**** EXERCISE MATERIALS ****
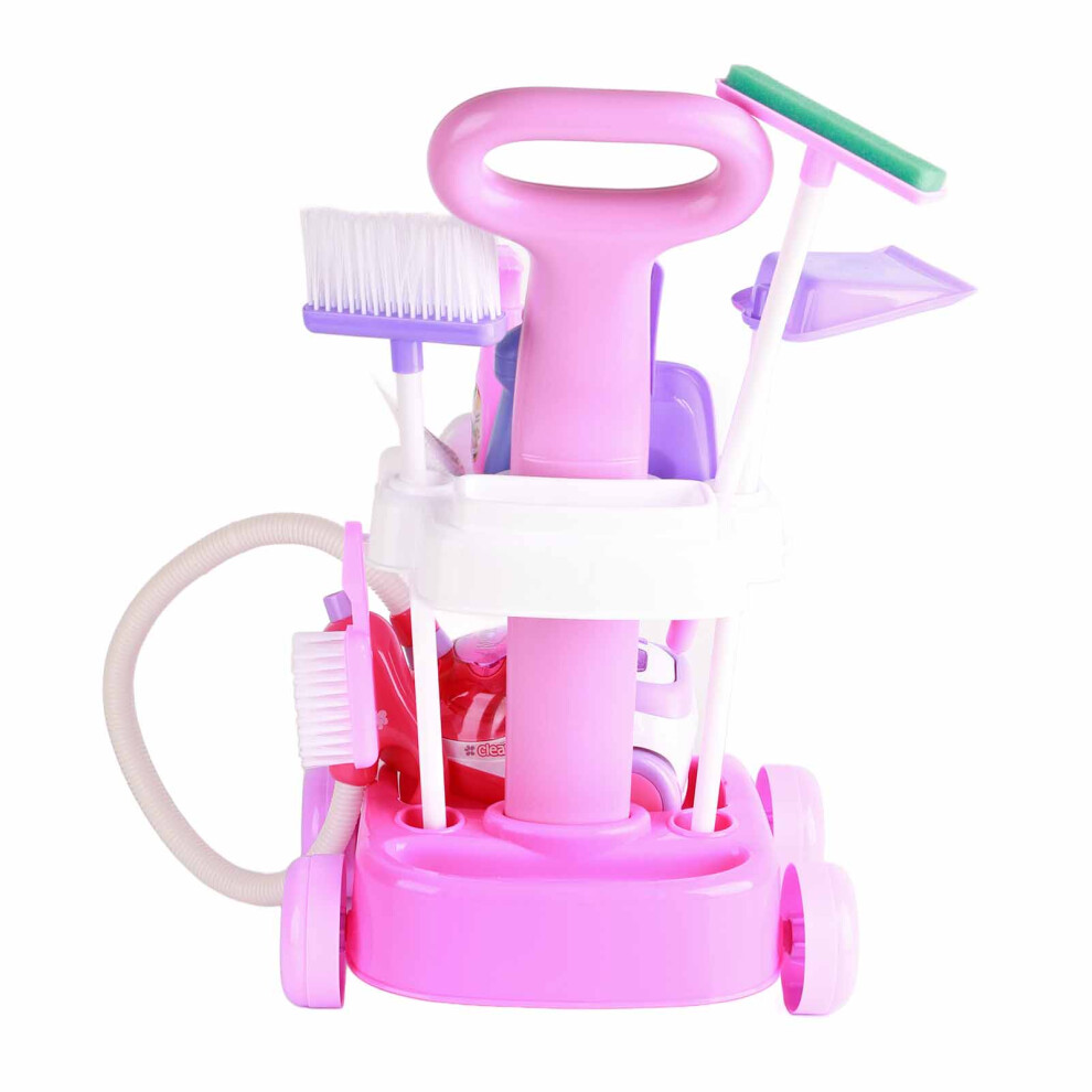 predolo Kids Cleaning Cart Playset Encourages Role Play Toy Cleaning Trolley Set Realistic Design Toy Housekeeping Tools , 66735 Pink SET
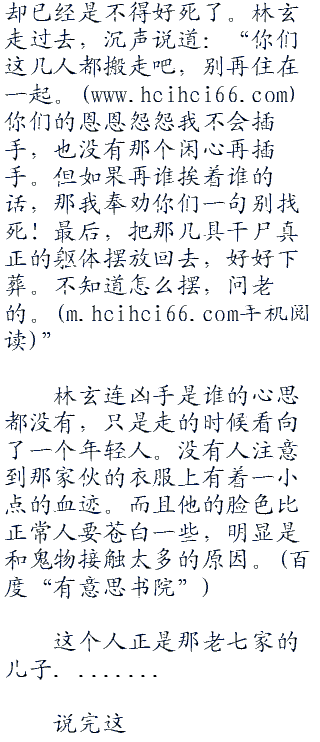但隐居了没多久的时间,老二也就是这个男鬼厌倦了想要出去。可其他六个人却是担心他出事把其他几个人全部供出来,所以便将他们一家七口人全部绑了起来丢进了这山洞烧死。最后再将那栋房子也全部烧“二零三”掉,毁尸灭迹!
****
**** EXERCISE MATERIALS ****
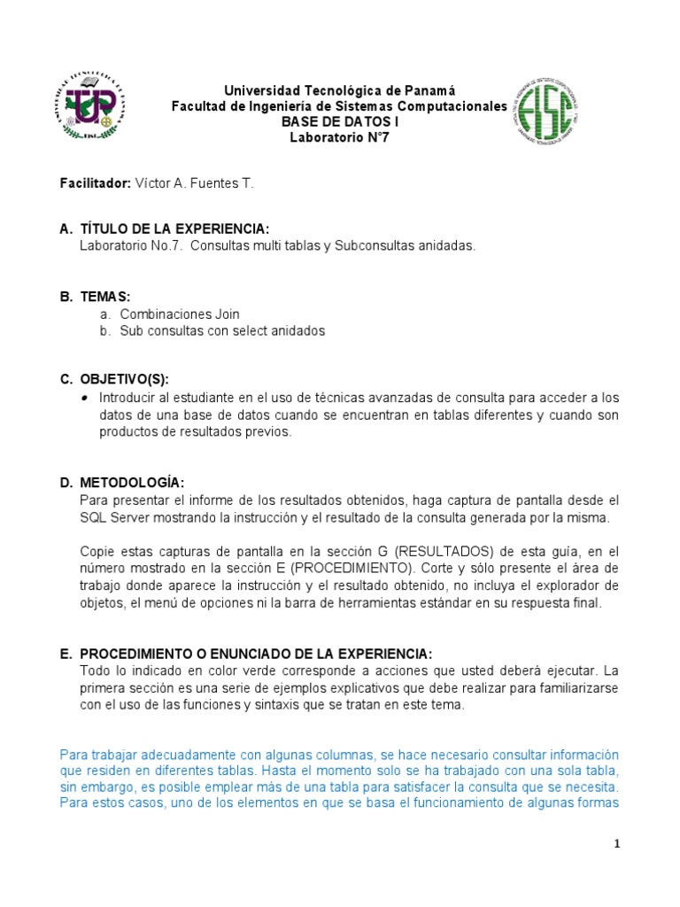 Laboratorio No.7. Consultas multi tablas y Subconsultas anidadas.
****
## PROBLEM STATEMENT
In the listing above, find the line holding "predolo Kids Cleaning" and the line holding "但隐居了没多久的时间,老二也". Reproduce those two lines and all between them exactly, leaving out pictures.

## EXERCISE SOLUTION
 predolo Kids Cleaning Cart Playset Encourages Role Play Toy Cleaning Trolley Set Realistic Design Toy Housekeeping Tools , 66735 Pink SET
但隐居了没多久的时间,老二也就是这个男鬼厌倦了想要出去。可其他六个人却是担心他出事把其他几个人全部供出来,所以便将他们一家七口人全部绑了起来丢进了这山洞烧死。最后再将那栋房子也全部烧“二零三”掉,毁尸灭迹!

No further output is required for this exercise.